Please try it again, and if you still have a problem again, share the output of the describe-restore command and all the logs from the problematic node.

@Boris_Ilijic thanks for your response, before terminating the pbm-agent process on the problematic node, i checked the data size on /data on the three nodes and i observed they are all same, i also observed the mongod.lock on the problematic node was generated same time as host-mongod-rs01-03 node, i guess this made me believe the restore was completed..also running documents count on the collections post restore seem to be equivalent, i guess i can try another restore process to indeed validate if what i observed on the problematic node is normal.

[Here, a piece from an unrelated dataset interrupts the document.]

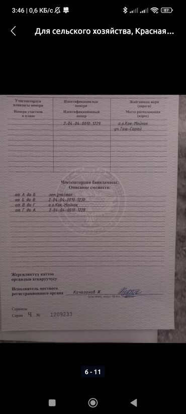 - Местоположение: а/о Кок-Мойнок, уч. Таш-Сарай (адрес отражён в госакте).
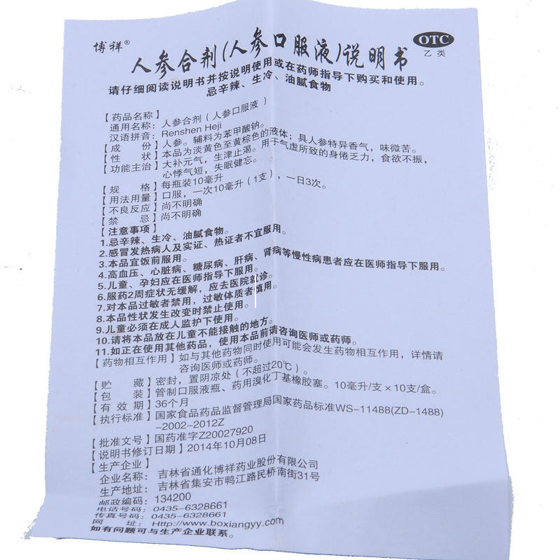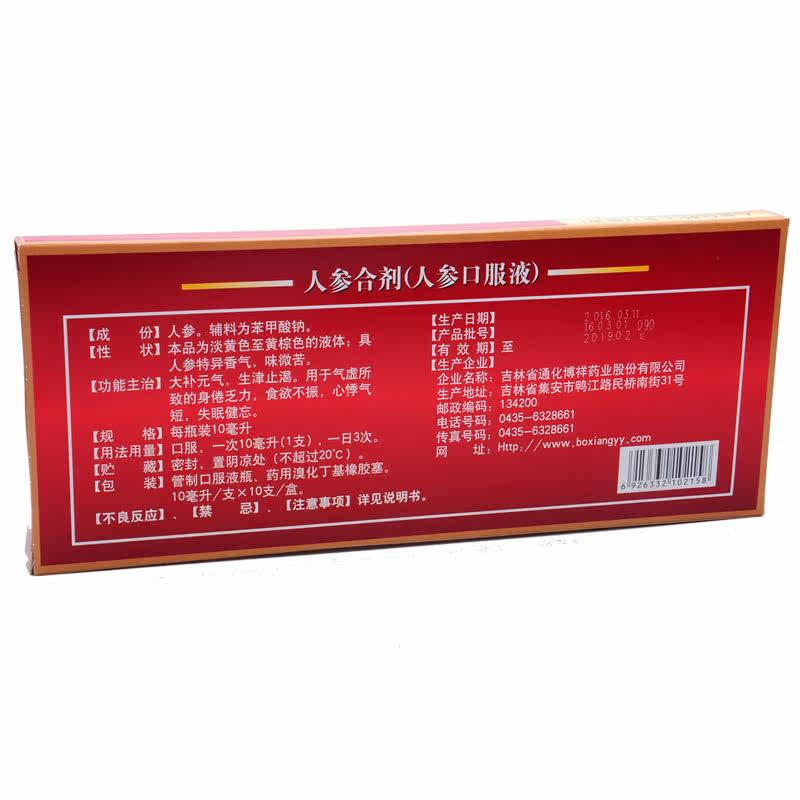 Boxiang Ginseng Oral Fluid (Mixture) 10 Insomnia Forgetfulness Palpitations with short body and weak and weak and weak qi

Alternatively, if it’s inconvenient for you to start a new restore and you are sure all your data has been restored properly, please share the full PBM logs for that restore from all 3 nodes, and we’ll analyze them. Feel free to obfuscate all sensitive names/data from them.

Unfortunately, without additional info, it’s hard to conclude anything more.